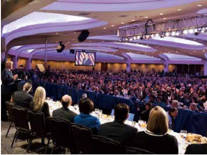
3,800 people from 140 countries filled the hall
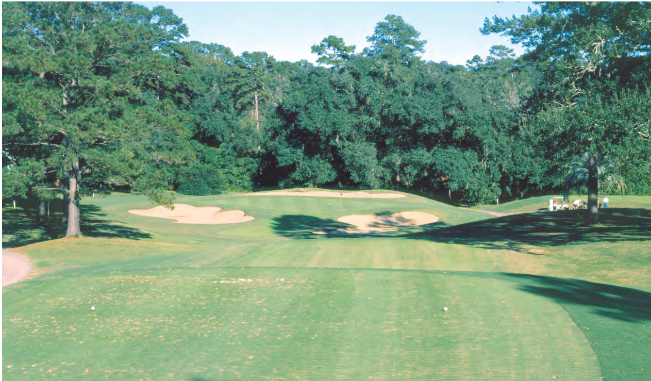
Variable pin placements and the elevation change on the 164-yard, par-3 8th hole make for fun and challenging golf.
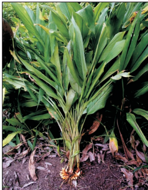
Whole plants of Haridra with rhizomes.
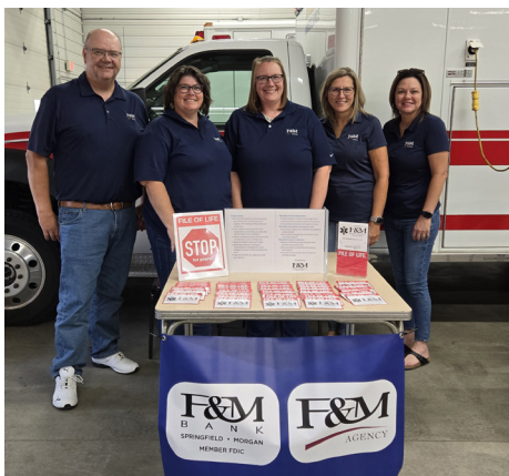
Our bankers distributed FOL folders at the Morgan Fire Dept 9-11 event
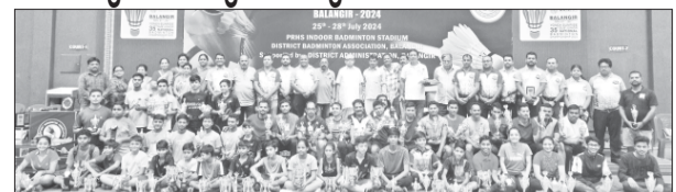
BALANGIR
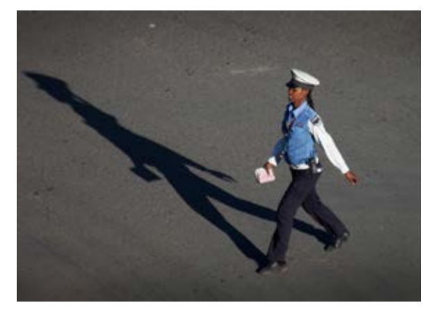
Community Police Officer

Ethiopia's 16,<sup>700</sup>-member Federal Police Force is under the auspices of the Federal Police Commission.<sup>108, 109</sup> Each of the nation's nine states also has a regional police force under civilian authorities. The total number of these regional forces is about 34,<sup>000</sup>.<sup>110, 111</sup> Local militias also operate with varying degrees of coordination and cooperation with the police forces.<sup>112</sup> The Federal Police play a major role in border security and internal security, particularly in counterterrorism. The Anti-Terrorism

━━━━━━━━━━━━━━━━━━━━━━━━━━━━━━

What you should do>
The answer should consist only of the lines above from the one with "Our bankers distributed" through the one with "Community Police Officer", repeated exactly, with no pictures among them.

Answer section>
Our bankers distributed FOL folders at the Morgan Fire Dept 9-11 event
BALANGIR
Community Police Officer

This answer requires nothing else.